Research by the property service group Countrywide found that rental properties are disappearing from the market at an astonishing rate. Over quarter three, properties were let on average within 12.7 days of becoming available, a new record.

Viewings of rental properties are also significantly up, by a whopping 17.8% compared to the previous quarter. There are now five tenants competing for each property on the market.

And that demand is pushing rents up once again, with the latest figures from LSL showing they hit an average of £718 in September, yet another new record. For more, check out Stop blaming 'greedy' landlords for rising rents.

With rental properties flying off the shelves, why wouldn’t landlords want to expand their portfolios and cash in?

No option but to rent

That demand for rental properties shows little sign of letting up, either.

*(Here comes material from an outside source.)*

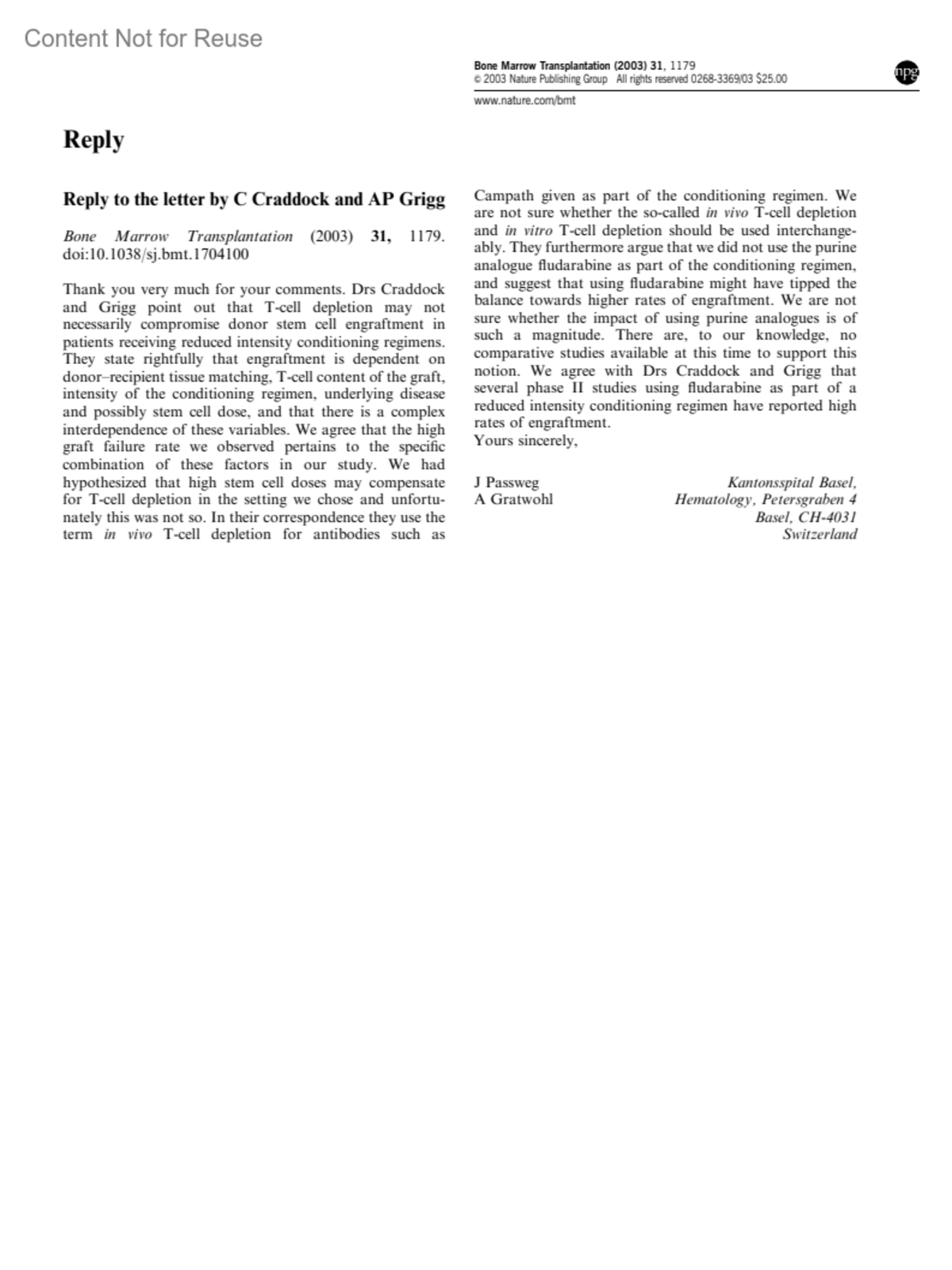 Bone Marrow Transplantation 31(12):p 1179, June 2003.

My dad has always maintained that renting is essentially throwing money away. You pay your money each month, just like someone with a mortgage, but you don’t end up with the asset of a property at the end. It’s no wonder he’s now an estate agent.

But he’s far from alone in that viewpoint. It’s something seemingly ingrained in the DNA of Brits, to be focused first and foremost on owning your home. However, doing that is becoming ever tougher.

Some new research by Santander has found that 28% of prospective first-time buyers plan to take up second jobs, or work overtime, in order to get together a deposit. Somewhat worrying more than a quarter (27%) say they will take out a personal loan to do so. A third of the wannabe homeowners Santander spoke to admitted they doubted they would ever own their own home.

So many people are now locked out of the property market, with no realistic chance of owning a property any time soon. As a result, the private rented sector has a big role to play in providing good, affordable housing to a generation of renters. Like them or love them, professional landlords aren't going away any time soon.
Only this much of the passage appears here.